• Input material:
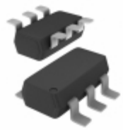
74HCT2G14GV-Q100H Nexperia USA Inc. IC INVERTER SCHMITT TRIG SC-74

...

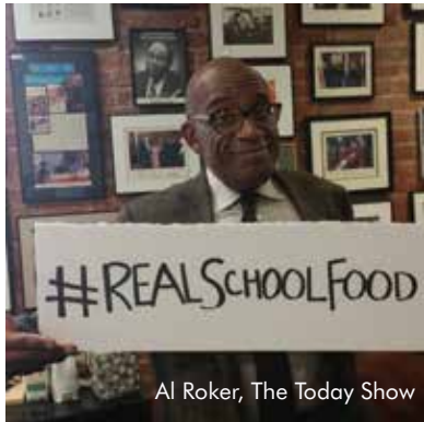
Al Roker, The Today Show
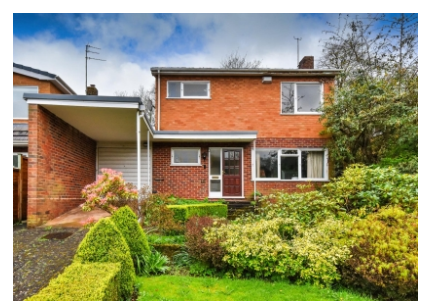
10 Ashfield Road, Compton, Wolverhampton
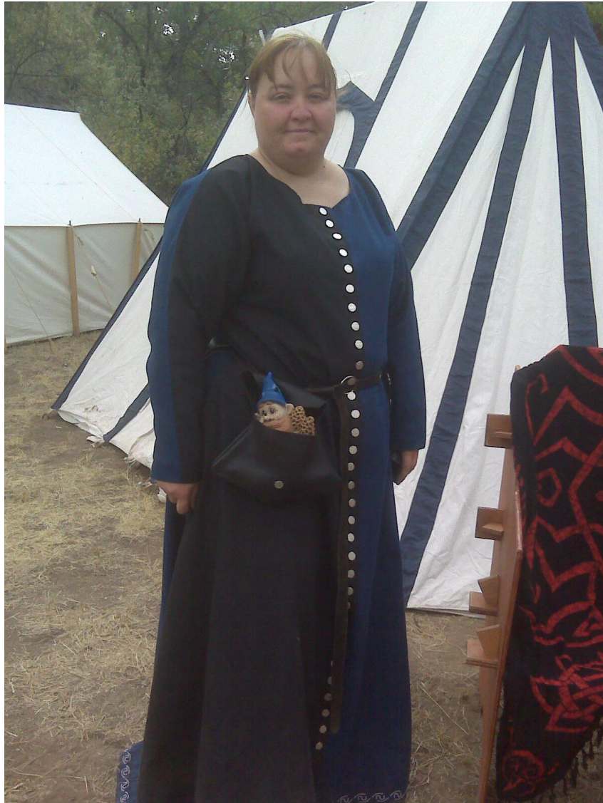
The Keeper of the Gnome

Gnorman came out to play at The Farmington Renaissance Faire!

• Your objective:
Start at the line above containing "10 Ashfield Road, Compton, Wolverhampton" and stop at the line containing "Gnorman came out": print those lines and everything between them exactly, but not the pictures.

• Response to this exercise:
10 Ashfield Road, Compton, Wolverhampton
The Keeper of the Gnome

Gnorman came out to play at The Farmington Renaissance Faire!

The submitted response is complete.